At 44, I stopped asking for permission and started backing myself.
Turns out midlife will do that to you.
Join the Women on the Verge community
I write for the midlife women who are done being nice, quiet, or stuck. And I explore everything that midlife has to offer us - from pop culture to deep-rooted mindset shifts. I’m obsessed with the awfulness of And Just Like That and I miss alcohol, but am transformed enough to stay alcohol-free (at least for now. Turns out midlife and wine - a combination to land you in the depths of despair…) And I still love a late night mocktail in Paris…

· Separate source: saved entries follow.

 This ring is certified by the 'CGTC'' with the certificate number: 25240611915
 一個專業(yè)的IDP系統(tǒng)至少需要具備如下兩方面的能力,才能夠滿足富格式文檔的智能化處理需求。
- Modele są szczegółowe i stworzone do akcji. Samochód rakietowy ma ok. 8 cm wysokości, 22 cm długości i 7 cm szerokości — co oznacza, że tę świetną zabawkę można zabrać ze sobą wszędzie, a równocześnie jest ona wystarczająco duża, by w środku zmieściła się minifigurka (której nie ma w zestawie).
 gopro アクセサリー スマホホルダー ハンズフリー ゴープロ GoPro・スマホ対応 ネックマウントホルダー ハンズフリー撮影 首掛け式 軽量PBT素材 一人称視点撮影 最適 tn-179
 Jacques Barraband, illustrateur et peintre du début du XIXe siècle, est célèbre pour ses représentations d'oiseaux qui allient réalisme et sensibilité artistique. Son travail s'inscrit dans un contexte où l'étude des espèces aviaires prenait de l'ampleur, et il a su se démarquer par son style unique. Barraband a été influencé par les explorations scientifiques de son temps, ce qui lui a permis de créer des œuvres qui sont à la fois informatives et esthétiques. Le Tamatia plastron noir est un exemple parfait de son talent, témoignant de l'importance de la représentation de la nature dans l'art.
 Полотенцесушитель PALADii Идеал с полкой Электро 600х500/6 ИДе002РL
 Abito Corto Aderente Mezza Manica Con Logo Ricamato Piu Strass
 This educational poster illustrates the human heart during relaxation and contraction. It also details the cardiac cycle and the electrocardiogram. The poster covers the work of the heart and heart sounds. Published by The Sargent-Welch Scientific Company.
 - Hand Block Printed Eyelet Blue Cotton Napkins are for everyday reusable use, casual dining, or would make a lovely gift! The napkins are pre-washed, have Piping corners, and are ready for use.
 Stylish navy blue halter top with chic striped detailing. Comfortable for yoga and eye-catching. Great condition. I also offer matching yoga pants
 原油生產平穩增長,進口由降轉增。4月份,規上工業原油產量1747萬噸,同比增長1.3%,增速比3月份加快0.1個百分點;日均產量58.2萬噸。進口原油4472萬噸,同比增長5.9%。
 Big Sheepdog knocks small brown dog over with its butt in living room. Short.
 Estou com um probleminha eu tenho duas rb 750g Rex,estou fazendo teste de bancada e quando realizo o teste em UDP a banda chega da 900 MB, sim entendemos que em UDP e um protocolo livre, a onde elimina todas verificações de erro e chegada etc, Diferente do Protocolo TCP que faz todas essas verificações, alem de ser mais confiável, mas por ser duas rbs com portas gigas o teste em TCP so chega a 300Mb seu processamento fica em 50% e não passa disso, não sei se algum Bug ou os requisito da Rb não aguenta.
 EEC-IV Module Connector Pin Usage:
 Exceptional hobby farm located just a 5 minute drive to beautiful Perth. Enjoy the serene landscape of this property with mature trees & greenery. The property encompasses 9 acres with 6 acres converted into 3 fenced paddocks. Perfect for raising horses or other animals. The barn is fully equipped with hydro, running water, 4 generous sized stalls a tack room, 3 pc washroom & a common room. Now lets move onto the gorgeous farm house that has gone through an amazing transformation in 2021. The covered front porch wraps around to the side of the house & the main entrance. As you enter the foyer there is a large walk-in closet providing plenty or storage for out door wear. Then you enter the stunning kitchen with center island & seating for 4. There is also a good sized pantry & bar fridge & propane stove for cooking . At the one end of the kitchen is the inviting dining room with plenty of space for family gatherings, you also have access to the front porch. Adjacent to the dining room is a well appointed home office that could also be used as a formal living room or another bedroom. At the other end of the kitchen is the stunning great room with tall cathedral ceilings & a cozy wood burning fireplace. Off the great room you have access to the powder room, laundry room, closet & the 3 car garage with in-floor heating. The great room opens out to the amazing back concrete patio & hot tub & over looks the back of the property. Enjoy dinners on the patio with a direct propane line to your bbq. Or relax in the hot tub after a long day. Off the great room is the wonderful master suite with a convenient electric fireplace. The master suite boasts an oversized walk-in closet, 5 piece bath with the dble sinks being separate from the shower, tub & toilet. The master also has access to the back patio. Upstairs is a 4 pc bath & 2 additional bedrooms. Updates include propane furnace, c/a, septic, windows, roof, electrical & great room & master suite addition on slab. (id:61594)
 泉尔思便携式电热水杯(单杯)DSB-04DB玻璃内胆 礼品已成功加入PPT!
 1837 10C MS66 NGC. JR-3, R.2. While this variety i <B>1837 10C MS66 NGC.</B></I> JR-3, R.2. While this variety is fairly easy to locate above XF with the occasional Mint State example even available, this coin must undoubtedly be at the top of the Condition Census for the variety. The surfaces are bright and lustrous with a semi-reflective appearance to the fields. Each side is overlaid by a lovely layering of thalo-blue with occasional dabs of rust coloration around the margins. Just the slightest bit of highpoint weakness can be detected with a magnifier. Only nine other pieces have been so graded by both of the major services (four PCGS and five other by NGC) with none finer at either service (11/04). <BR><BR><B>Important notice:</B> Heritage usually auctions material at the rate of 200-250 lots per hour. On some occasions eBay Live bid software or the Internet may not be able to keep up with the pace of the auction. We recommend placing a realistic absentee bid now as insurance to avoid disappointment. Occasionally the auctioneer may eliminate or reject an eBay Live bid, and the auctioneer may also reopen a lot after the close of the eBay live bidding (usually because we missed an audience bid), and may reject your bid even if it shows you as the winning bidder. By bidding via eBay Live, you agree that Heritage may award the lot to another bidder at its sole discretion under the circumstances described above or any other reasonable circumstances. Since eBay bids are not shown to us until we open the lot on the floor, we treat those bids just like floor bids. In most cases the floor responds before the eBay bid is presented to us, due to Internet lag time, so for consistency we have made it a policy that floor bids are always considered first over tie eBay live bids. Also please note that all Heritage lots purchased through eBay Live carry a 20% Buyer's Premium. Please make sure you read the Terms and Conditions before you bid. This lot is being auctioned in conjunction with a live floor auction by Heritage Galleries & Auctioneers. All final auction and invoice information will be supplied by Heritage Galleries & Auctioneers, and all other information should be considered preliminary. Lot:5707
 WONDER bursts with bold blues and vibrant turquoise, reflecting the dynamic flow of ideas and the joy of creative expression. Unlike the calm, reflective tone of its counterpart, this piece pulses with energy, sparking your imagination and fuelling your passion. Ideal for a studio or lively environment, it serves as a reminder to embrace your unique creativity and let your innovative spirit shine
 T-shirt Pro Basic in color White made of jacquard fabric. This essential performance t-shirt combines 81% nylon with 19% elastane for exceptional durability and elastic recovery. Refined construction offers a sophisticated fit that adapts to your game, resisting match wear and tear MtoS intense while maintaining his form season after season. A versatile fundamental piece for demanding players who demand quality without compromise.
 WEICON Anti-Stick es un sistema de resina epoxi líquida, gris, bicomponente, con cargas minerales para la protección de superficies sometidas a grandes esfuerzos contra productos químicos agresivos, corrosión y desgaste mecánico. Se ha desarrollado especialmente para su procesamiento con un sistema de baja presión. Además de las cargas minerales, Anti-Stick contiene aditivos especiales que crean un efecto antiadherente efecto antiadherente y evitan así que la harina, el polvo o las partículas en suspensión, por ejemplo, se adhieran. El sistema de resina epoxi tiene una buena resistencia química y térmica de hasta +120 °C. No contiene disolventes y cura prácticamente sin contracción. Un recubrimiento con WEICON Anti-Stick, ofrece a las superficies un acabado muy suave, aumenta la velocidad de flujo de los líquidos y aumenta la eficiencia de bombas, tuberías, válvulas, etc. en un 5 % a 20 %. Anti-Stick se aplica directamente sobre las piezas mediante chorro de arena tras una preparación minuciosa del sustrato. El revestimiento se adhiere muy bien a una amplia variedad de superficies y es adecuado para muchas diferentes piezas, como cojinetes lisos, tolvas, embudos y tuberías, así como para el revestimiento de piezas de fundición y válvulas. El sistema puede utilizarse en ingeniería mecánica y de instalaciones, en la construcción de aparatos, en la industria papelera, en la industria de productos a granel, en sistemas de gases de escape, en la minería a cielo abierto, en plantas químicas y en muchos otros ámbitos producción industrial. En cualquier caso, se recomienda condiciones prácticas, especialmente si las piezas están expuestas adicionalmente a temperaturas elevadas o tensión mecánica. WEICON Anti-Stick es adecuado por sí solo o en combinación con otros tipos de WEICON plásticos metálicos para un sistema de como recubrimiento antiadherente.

If that’s you, come join me.
If it’s your best friend, send her this.
And if you’re my husband, congrats on reading this far honey…
I think 38 was my trial year, it's when I left corporate and started again. I'm now 44 and feeling all the shifts again - personally and in my business. I'm looking forward to seeing where it goes.
Great reminder.
Today is my 50th birthday. The last year has been a tough one for many reasons. I have to force myself to think of things I have accomplished because I easily catch myself dwelling on the dreams that never happened.